- _Exercise objective_
Using the entries that follow, transcribe only the lines from the line with "在日常的工作中,陈勇摸索各项" to the line with "バターロール、舞茸のスープ、鶏肉のチーズ焼き、ブロッコリーといかのソテー、", both included, exactly as they stand and without pictures.

- _Extracted entries_
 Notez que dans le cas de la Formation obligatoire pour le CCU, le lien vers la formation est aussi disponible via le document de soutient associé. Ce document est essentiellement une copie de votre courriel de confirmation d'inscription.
==
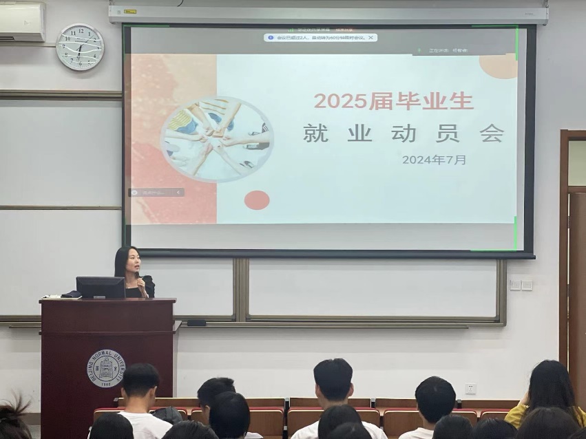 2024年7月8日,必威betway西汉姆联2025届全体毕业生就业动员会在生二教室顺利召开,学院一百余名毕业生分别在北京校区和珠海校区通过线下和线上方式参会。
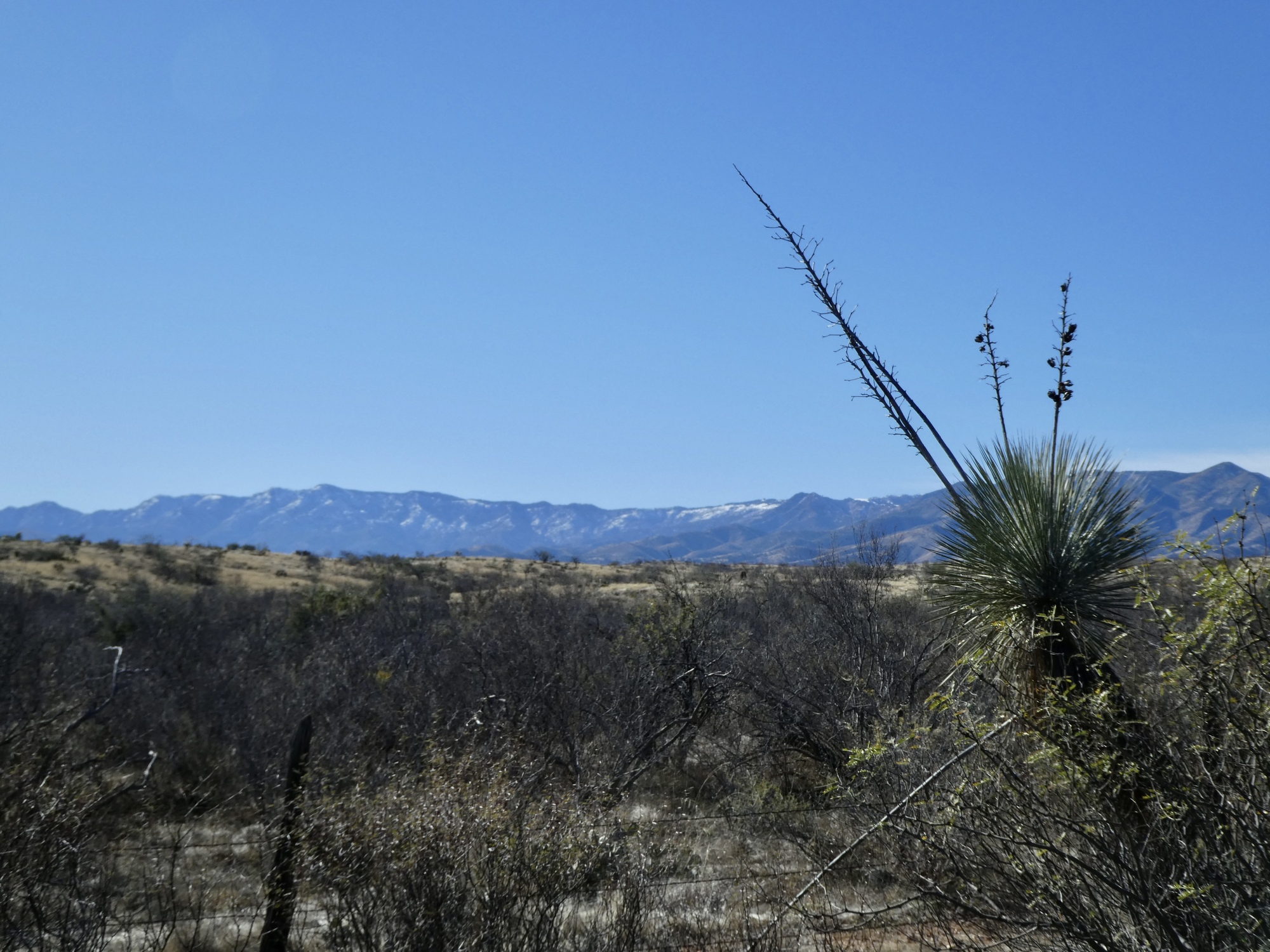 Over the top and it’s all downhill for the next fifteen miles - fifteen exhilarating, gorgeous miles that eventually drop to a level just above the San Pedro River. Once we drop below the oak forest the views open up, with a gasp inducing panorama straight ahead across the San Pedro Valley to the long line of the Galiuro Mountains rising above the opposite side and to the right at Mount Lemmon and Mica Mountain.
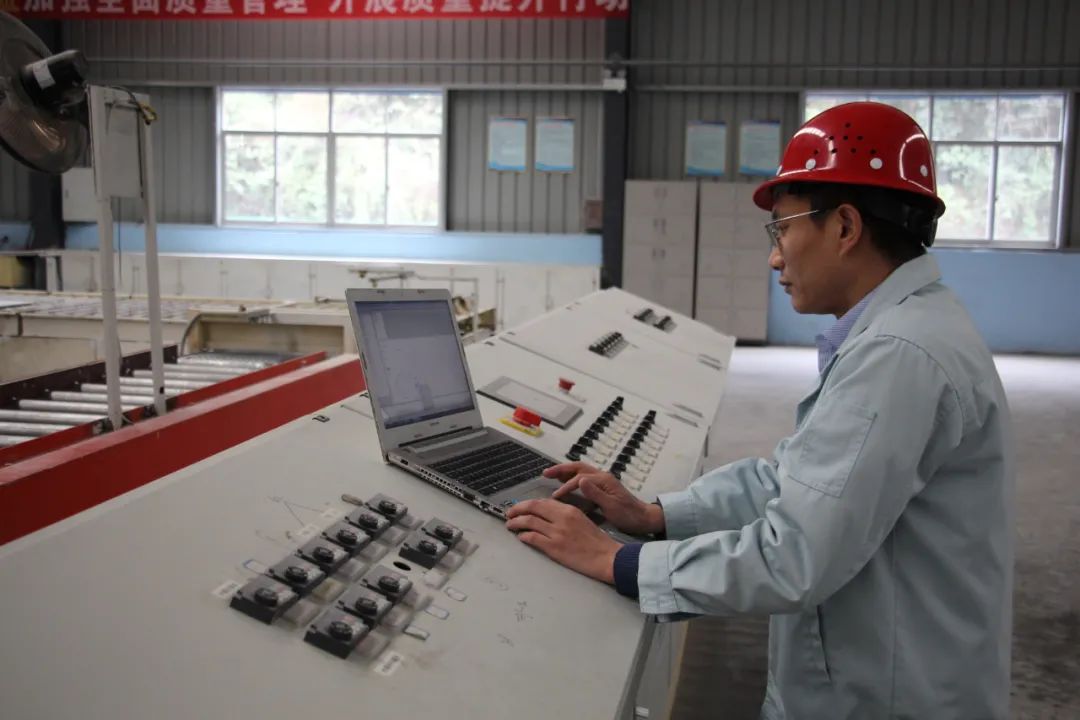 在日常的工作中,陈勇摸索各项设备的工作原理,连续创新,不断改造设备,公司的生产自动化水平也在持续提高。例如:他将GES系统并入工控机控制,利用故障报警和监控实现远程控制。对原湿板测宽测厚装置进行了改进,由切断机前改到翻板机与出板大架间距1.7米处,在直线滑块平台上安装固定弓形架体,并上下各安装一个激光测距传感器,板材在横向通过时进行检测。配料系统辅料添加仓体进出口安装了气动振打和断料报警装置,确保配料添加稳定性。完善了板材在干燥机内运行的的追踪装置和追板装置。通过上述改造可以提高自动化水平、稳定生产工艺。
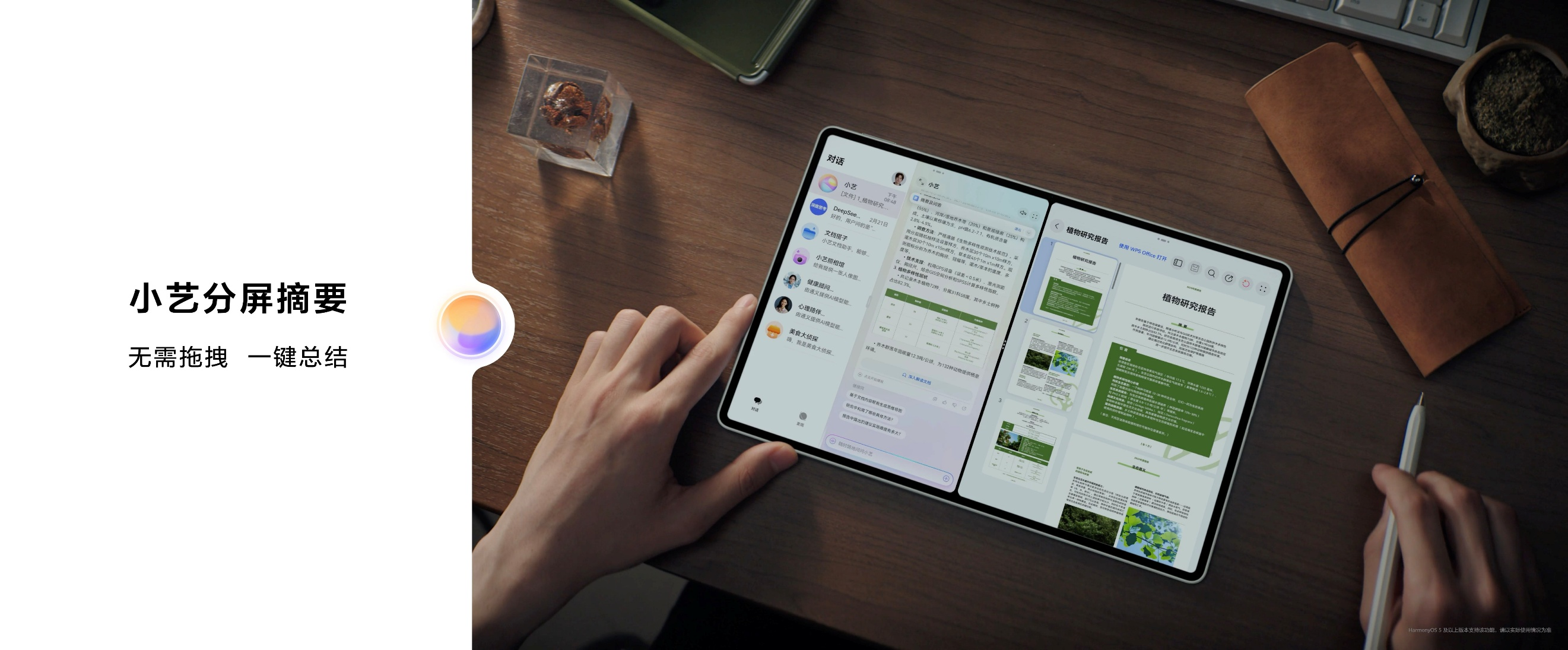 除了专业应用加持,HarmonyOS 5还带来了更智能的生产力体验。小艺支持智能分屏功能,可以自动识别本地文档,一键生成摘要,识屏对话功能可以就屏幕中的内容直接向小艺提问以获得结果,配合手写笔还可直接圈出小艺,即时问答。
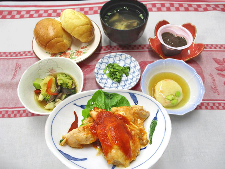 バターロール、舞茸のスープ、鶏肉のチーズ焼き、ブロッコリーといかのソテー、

- _Problem solution_
 在日常的工作中,陈勇摸索各项设备的工作原理,连续创新,不断改造设备,公司的生产自动化水平也在持续提高。例如:他将GES系统并入工控机控制,利用故障报警和监控实现远程控制。对原湿板测宽测厚装置进行了改进,由切断机前改到翻板机与出板大架间距1.7米处,在直线滑块平台上安装固定弓形架体,并上下各安装一个激光测距传感器,板材在横向通过时进行检测。配料系统辅料添加仓体进出口安装了气动振打和断料报警装置,确保配料添加稳定性。完善了板材在干燥机内运行的的追踪装置和追板装置。通过上述改造可以提高自动化水平、稳定生产工艺。
 除了专业应用加持,HarmonyOS 5还带来了更智能的生产力体验。小艺支持智能分屏功能,可以自动识别本地文档,一键生成摘要,识屏对话功能可以就屏幕中的内容直接向小艺提问以获得结果,配合手写笔还可直接圈出小艺,即时问答。
 バターロール、舞茸のスープ、鶏肉のチーズ焼き、ブロッコリーといかのソテー、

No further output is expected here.